Give every line of the material back exactly, images removed.

§ **SUPPLIED DATA**:
====
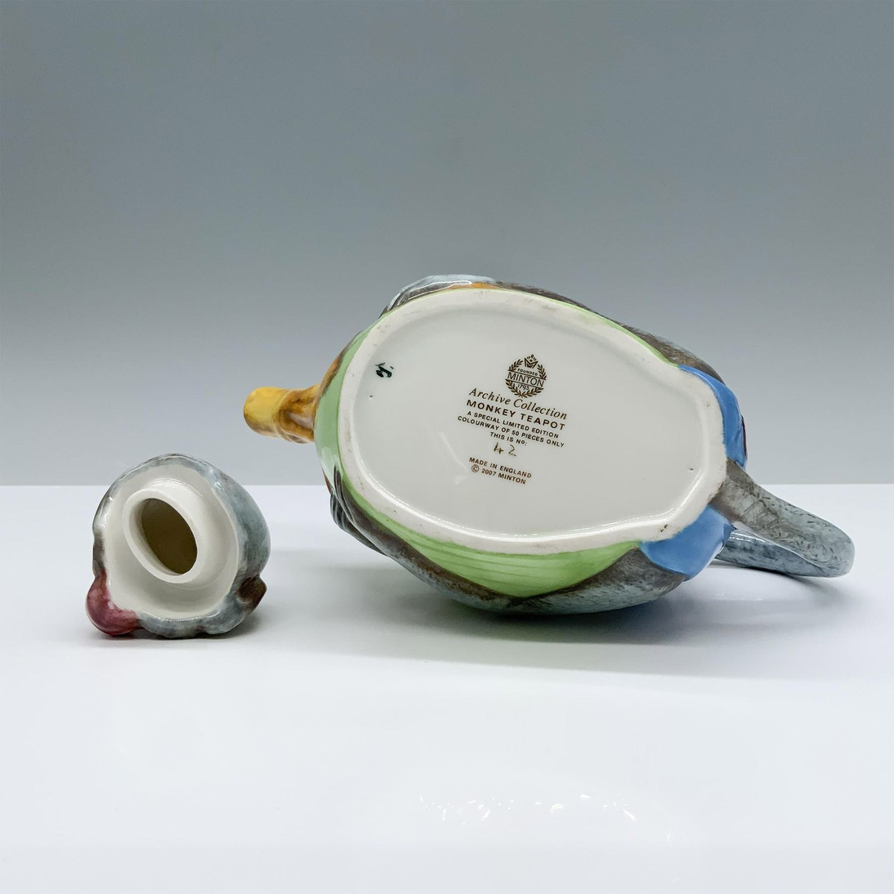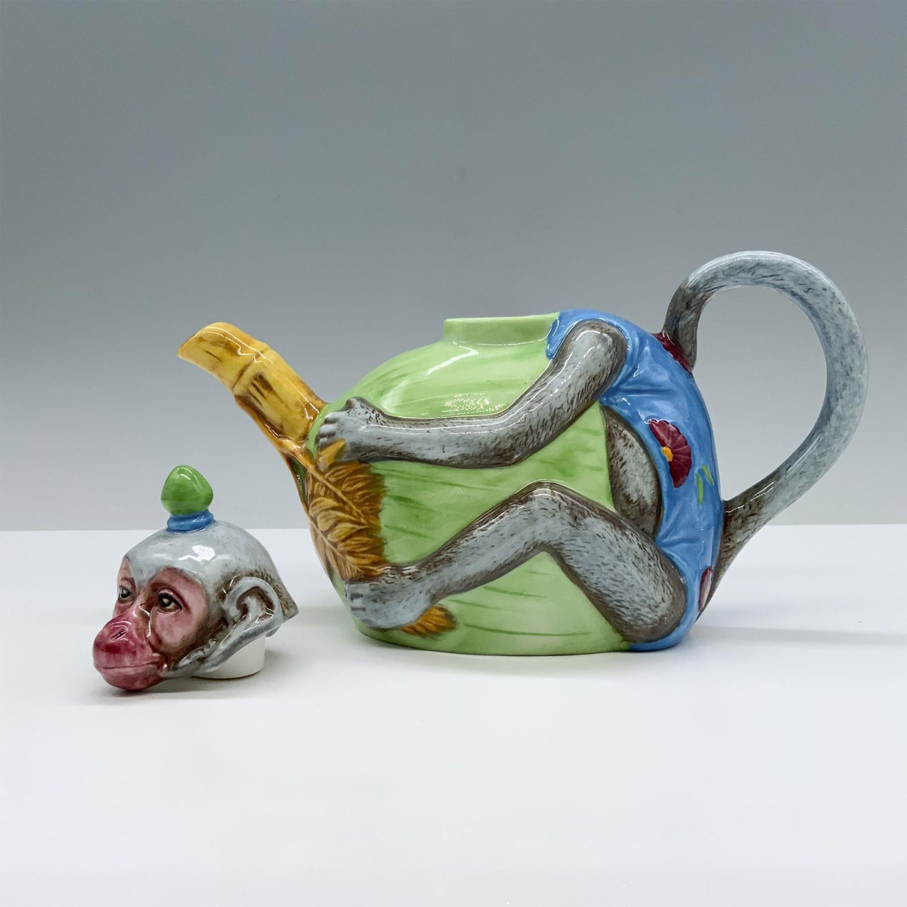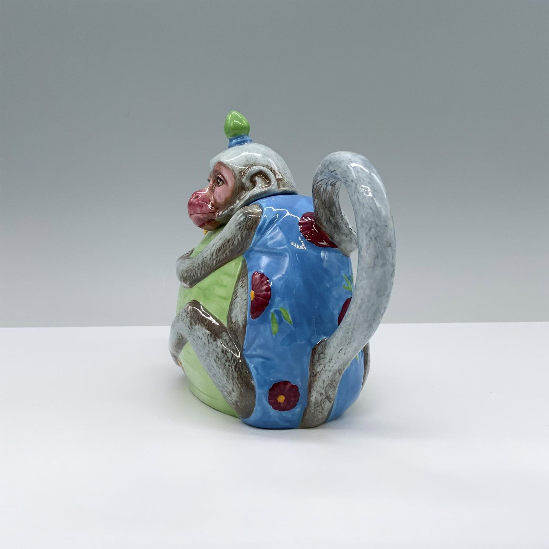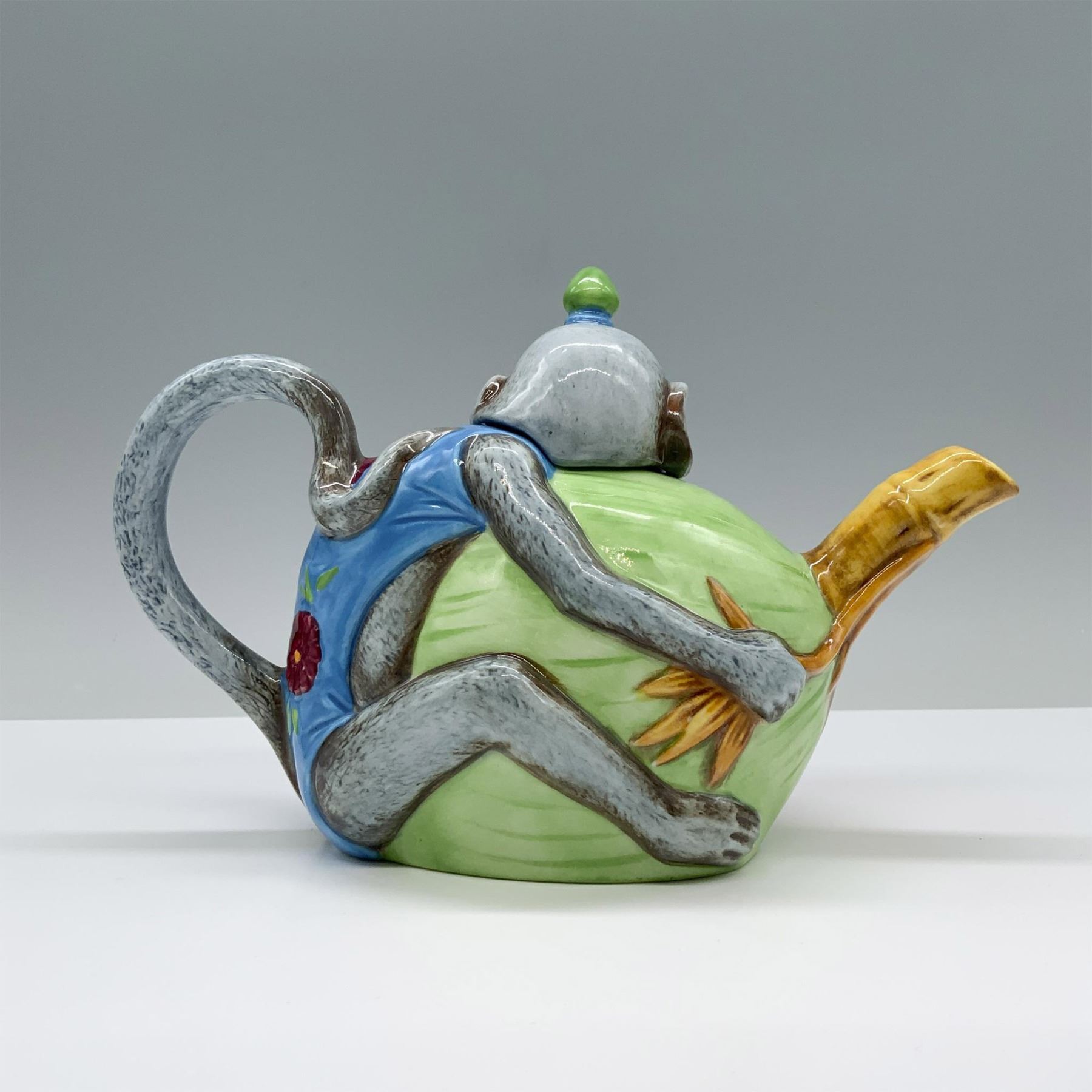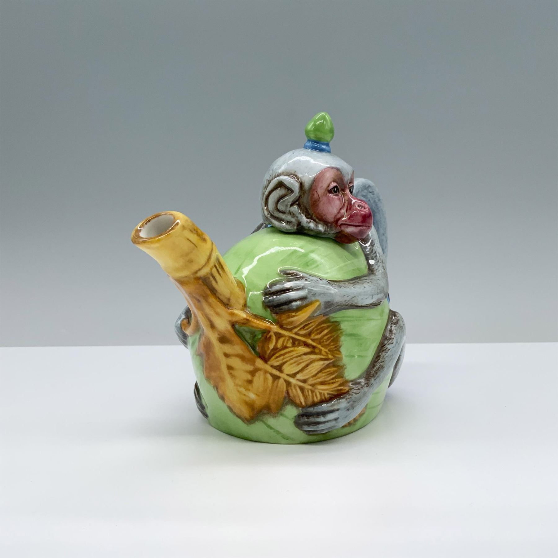 Hand painted limited edition porcelain featuring a dressed monkey with blue and red accents, holding a green fruit that forms the main body of the tea spot and spout. Archive Collection. Milton backstamp.
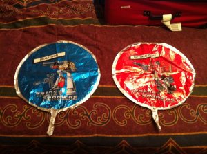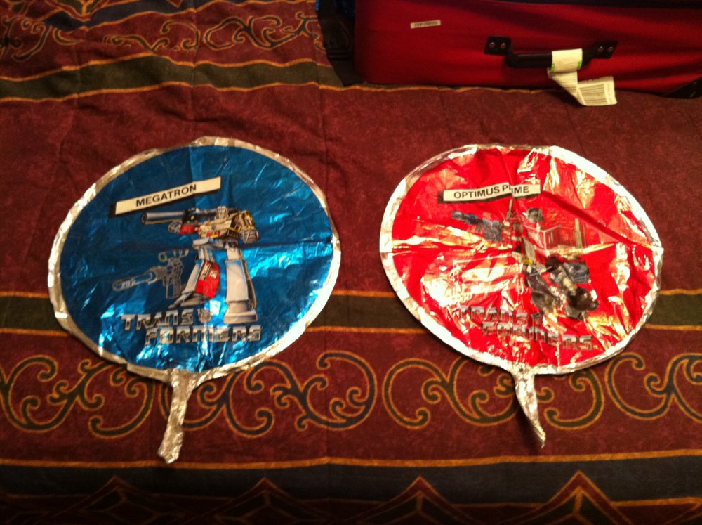 I picked up a small lot of Transformers items this week, really cheap. It included some books, a hat and an eraser, some of which I had already. The jewel of the lot though was a pair of 1985 Mylar balloons of Optimus Prime and Megatron. They are used, and could be in better shape, but they aren’t bad for twenty-five year old used balloons. I love G1 artifacts life this
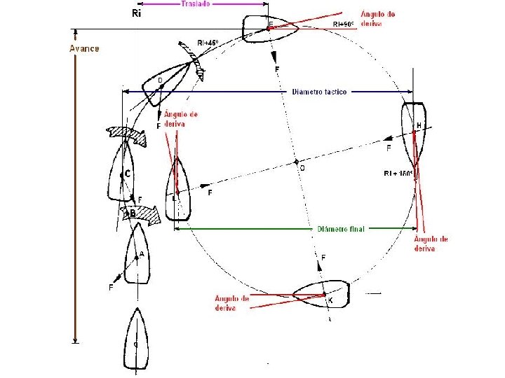 La curva evolutiva se estabiliza, o sea: 1. La velocidad se mantiene constante 2. El ángulo de deriva deja de variar 3. El punto pivote permanece fijo Cuando el buque cambió su curso + o aproximadamente 90º …y allí es donde el momento generado por la resistencia de la carena, de sentido inverso al momento evolutivo, se igualan
====
§ **RESULT OF THE EXERCISE**:
 Hand painted limited edition porcelain featuring a dressed monkey with blue and red accents, holding a green fruit that forms the main body of the tea spot and spout. Archive Collection. Milton backstamp.
 I picked up a small lot of Transformers items this week, really cheap. It included some books, a hat and an eraser, some of which I had already. The jewel of the lot though was a pair of 1985 Mylar balloons of Optimus Prime and Megatron. They are used, and could be in better shape, but they aren’t bad for twenty-five year old used balloons. I love G1 artifacts life this
 La curva evolutiva se estabiliza, o sea: 1. La velocidad se mantiene constante 2. El ángulo de deriva deja de variar 3. El punto pivote permanece fijo Cuando el buque cambió su curso + o aproximadamente 90º …y allí es donde el momento generado por la resistencia de la carena, de sentido inverso al momento evolutivo, se igualan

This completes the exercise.